* TASK STATEMENT *
Exercise in exact copying: restate word for word only the lines below from the one containing "④ 熱したフライパンにサラダ油を入れて手羽先の皮の部分を下に" through the one containing "6.12.1 Buy Wilson", omitting any pictures.

TASK INPUT section start

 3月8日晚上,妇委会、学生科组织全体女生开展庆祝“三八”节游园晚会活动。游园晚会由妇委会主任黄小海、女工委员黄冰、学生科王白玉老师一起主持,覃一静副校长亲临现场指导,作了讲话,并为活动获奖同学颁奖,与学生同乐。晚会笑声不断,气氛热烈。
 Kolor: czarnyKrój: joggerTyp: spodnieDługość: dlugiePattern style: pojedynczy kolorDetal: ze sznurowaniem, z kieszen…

TASK INPUT section end
TASK INPUT section start

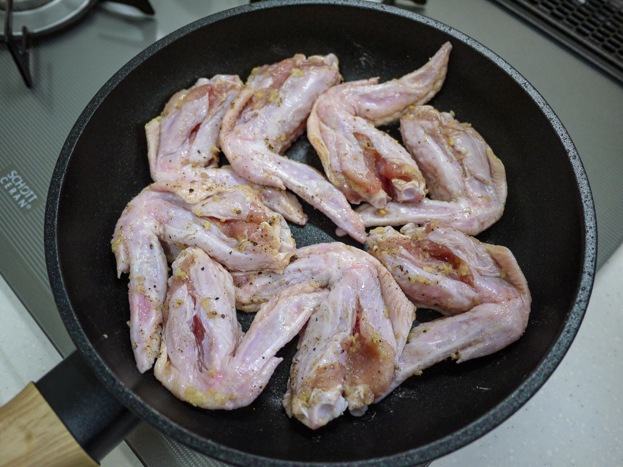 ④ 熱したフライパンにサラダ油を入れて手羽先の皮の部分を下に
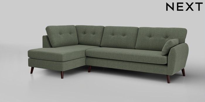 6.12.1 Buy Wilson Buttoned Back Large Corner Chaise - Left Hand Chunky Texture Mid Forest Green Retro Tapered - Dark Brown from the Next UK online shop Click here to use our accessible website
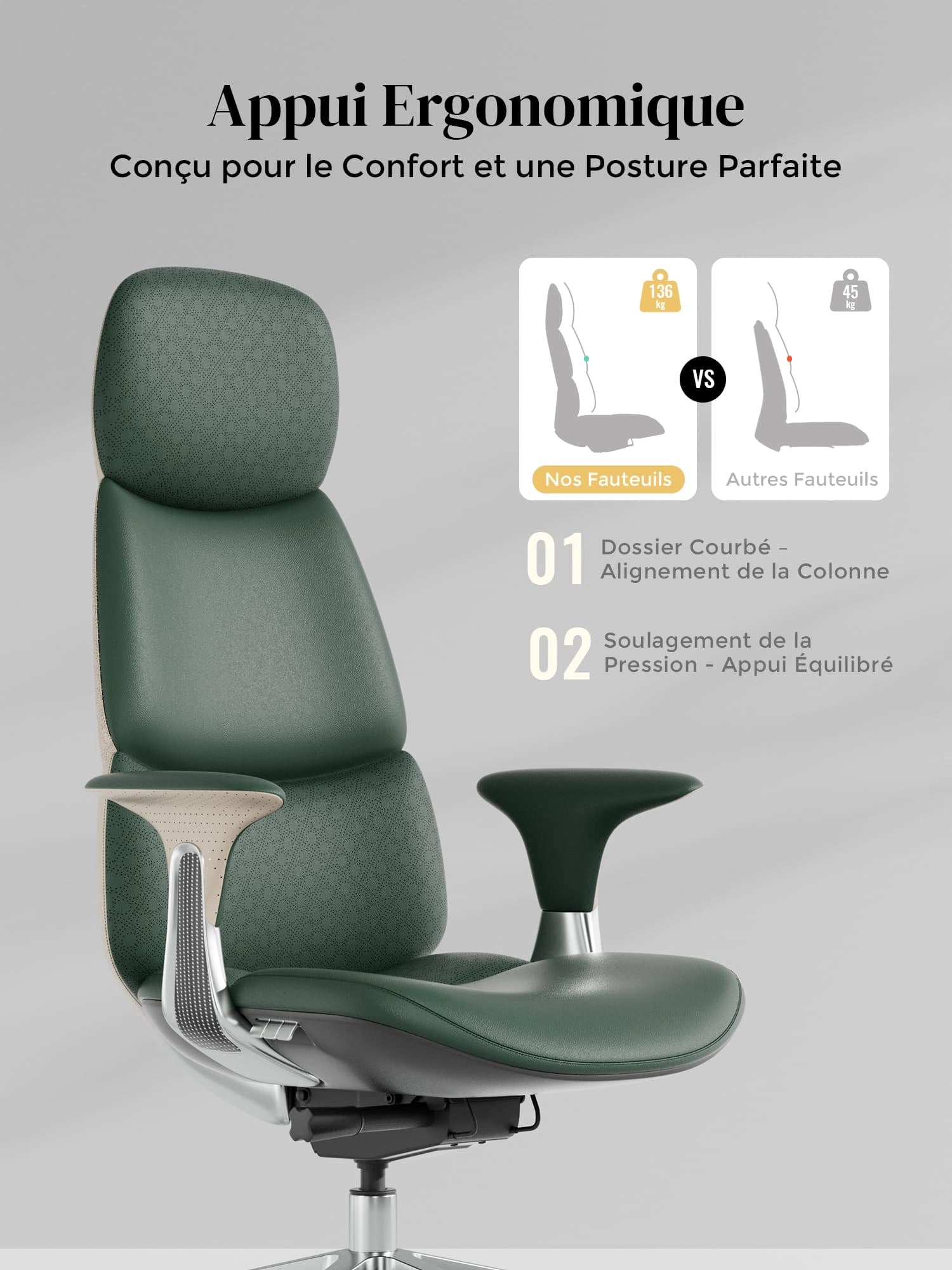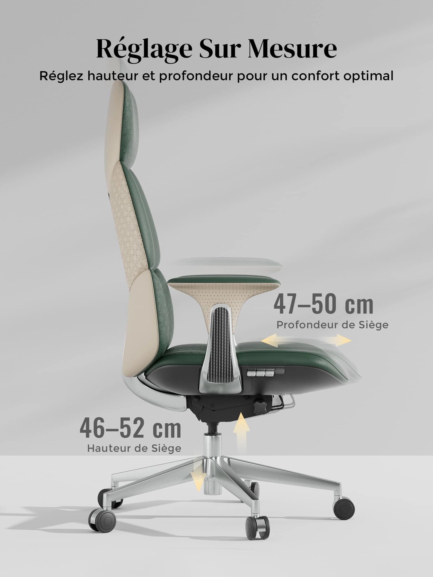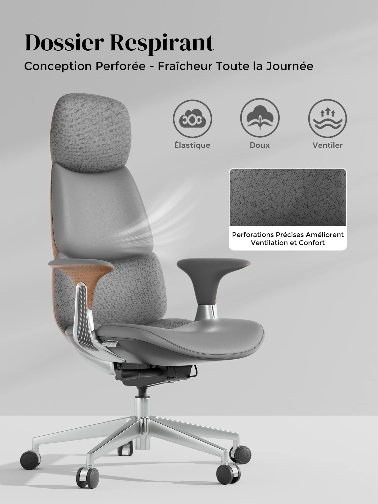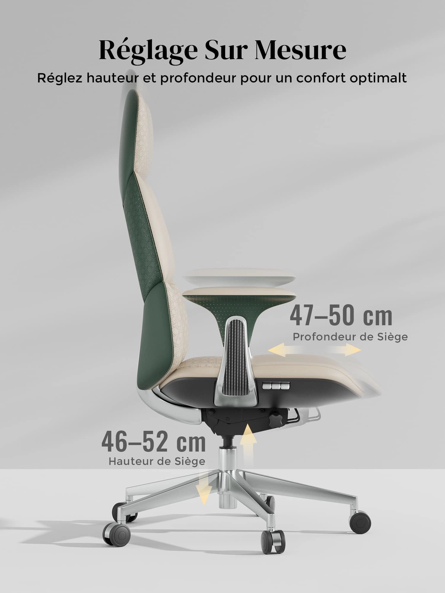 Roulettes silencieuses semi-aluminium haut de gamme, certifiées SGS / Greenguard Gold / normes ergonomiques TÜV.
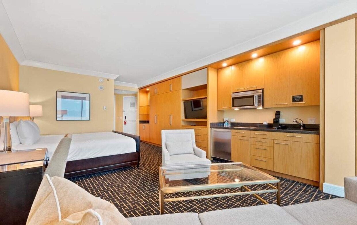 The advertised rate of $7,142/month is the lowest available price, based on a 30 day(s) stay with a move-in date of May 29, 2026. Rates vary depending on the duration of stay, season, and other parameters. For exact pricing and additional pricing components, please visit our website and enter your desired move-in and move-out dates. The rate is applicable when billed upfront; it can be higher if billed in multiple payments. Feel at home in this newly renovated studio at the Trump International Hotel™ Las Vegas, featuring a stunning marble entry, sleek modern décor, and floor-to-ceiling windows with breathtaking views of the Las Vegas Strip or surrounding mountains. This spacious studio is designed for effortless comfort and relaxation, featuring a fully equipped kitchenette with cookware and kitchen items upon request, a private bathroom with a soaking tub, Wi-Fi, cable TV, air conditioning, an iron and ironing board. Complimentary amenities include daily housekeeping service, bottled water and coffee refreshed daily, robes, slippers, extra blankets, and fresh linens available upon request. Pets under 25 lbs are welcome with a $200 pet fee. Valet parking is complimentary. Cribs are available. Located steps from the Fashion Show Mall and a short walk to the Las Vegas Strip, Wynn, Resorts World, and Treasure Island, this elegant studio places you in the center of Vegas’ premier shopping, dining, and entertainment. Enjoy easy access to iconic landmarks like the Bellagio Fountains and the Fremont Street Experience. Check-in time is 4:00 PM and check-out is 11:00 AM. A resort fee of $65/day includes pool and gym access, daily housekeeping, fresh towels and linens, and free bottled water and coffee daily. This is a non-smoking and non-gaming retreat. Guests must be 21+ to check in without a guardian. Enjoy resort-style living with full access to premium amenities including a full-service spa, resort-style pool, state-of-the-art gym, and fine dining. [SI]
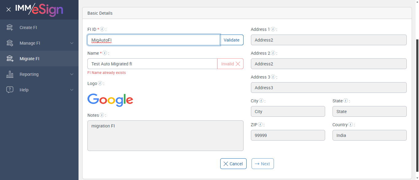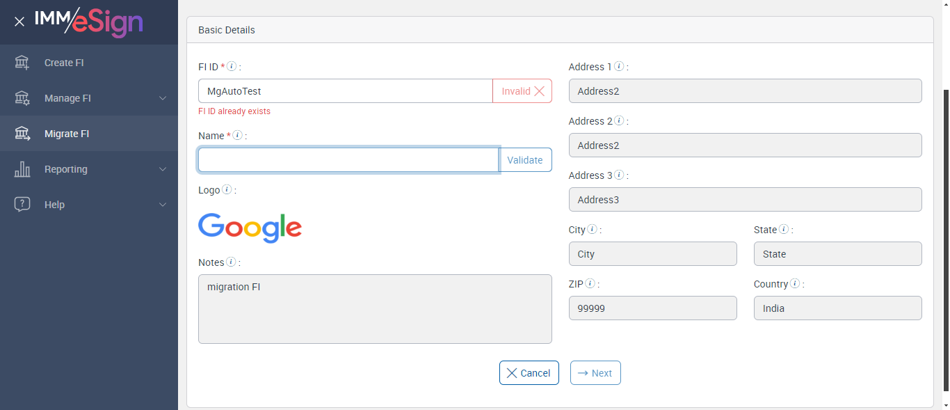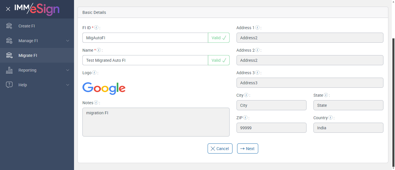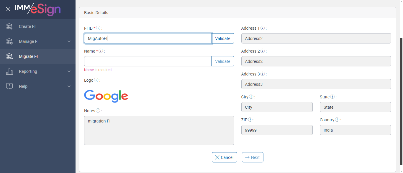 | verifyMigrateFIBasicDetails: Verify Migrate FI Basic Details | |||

TASK INPUT section end
TASK INPUT section start

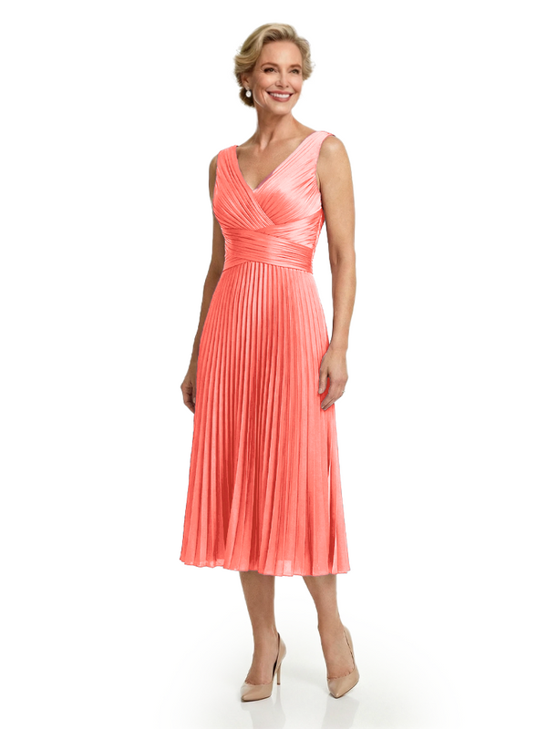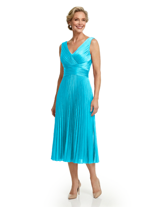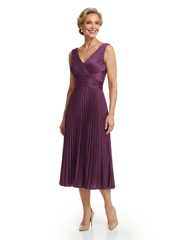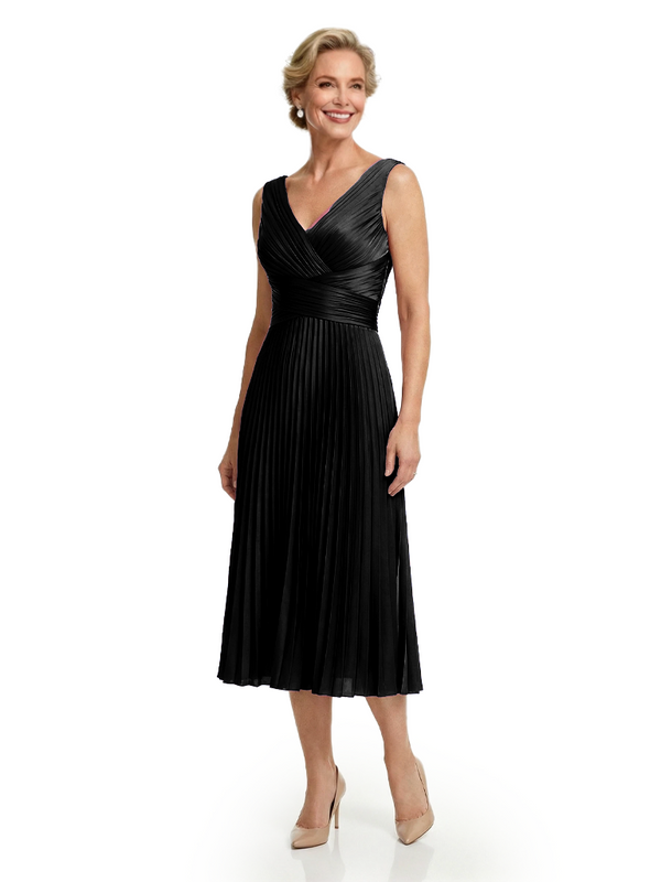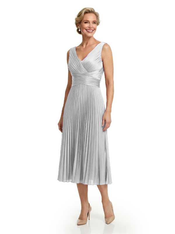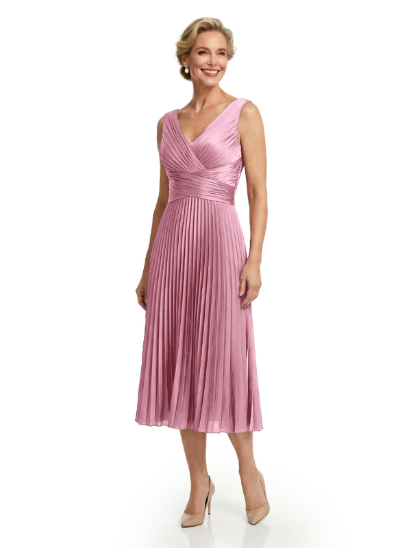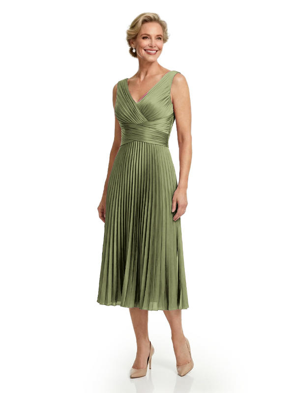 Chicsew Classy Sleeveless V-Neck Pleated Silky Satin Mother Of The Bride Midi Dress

TASK INPUT section end

* EXERCISE ANSWER *
 ④ 熱したフライパンにサラダ油を入れて手羽先の皮の部分を下に
 6.12.1 Buy Wilson Buttoned Back Large Corner Chaise - Left Hand Chunky Texture Mid Forest Green Retro Tapered - Dark Brown from the Next UK online shop Click here to use our accessible website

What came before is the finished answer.